• TASK TO CARRY OUT
Nothing outside the lines below from the one containing "Pupils from Kroggaardskolen" through the one containing "GP126 (see specification opposite)" is to be printed; print those exactly, ends included, and drop the pictures.

Records drawn from a dataset:
╔══

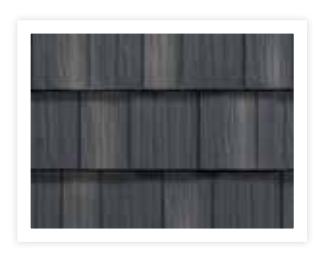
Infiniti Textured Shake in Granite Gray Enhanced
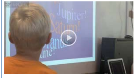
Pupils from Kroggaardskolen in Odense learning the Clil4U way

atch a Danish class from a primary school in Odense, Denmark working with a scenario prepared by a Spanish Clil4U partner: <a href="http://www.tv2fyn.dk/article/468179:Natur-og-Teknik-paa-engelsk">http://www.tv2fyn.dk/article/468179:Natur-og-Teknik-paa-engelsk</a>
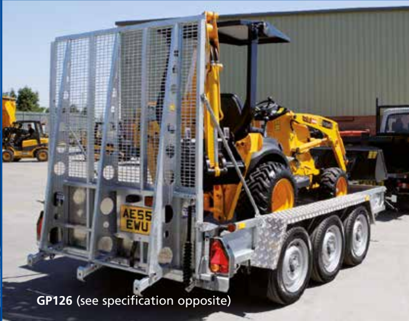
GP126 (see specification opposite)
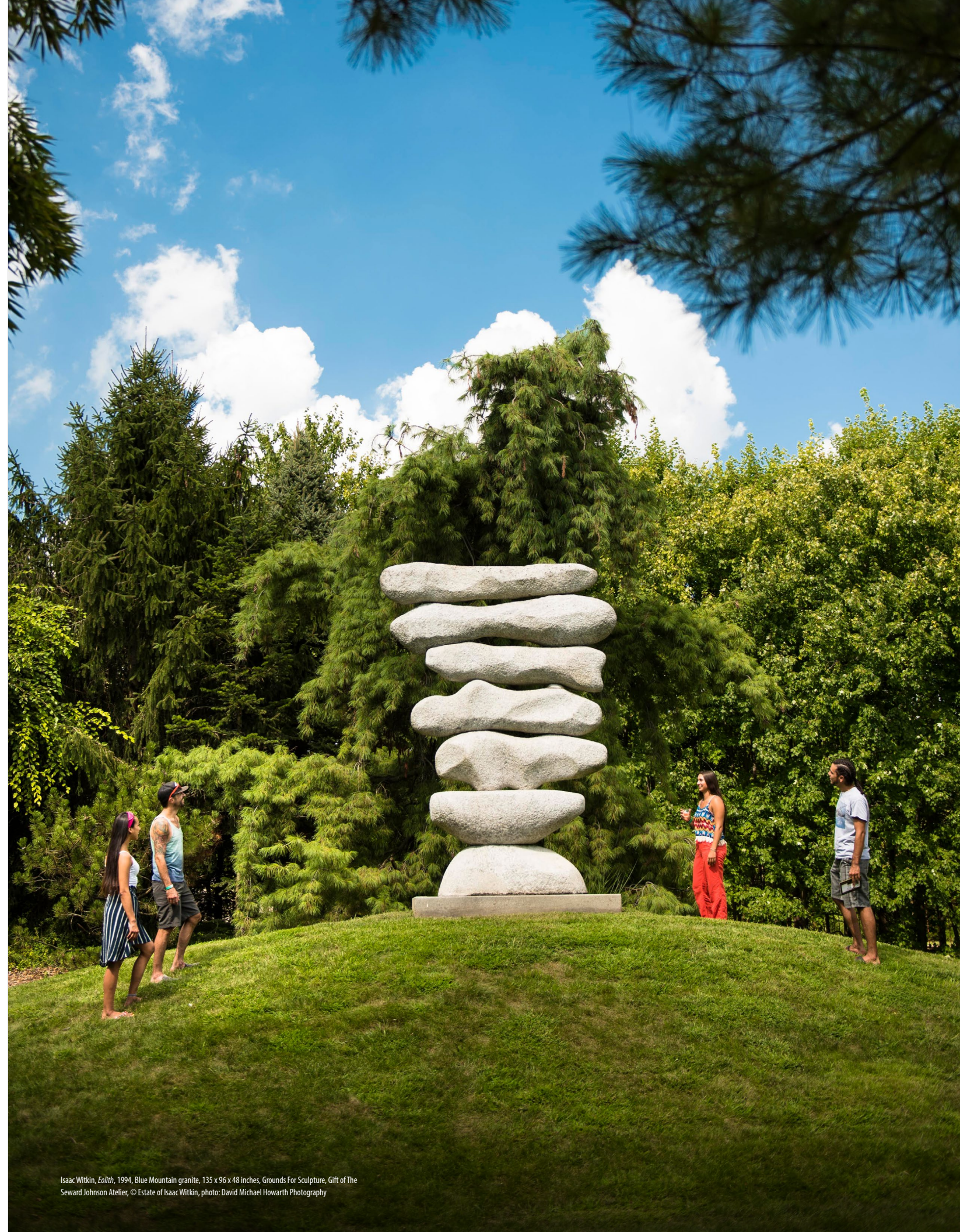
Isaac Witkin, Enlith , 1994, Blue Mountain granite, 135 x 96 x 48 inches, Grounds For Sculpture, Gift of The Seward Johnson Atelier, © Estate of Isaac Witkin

╚══
╔══

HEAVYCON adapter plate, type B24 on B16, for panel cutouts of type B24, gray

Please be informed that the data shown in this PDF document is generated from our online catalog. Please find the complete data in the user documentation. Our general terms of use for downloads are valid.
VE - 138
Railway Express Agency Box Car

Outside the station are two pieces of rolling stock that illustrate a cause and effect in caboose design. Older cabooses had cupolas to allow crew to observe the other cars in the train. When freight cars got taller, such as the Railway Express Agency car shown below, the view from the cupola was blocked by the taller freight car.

╚══

• SOLUTION FOR THIS EXERCISE
Pupils from Kroggaardskolen in Odense learning the Clil4U way

atch a Danish class from a primary school in Odense, Denmark working with a scenario prepared by a Spanish Clil4U partner: <a href="http://www.tv2fyn.dk/article/468179:Natur-og-Teknik-paa-engelsk">http://www.tv2fyn.dk/article/468179:Natur-og-Teknik-paa-engelsk</a>
GP126 (see specification opposite)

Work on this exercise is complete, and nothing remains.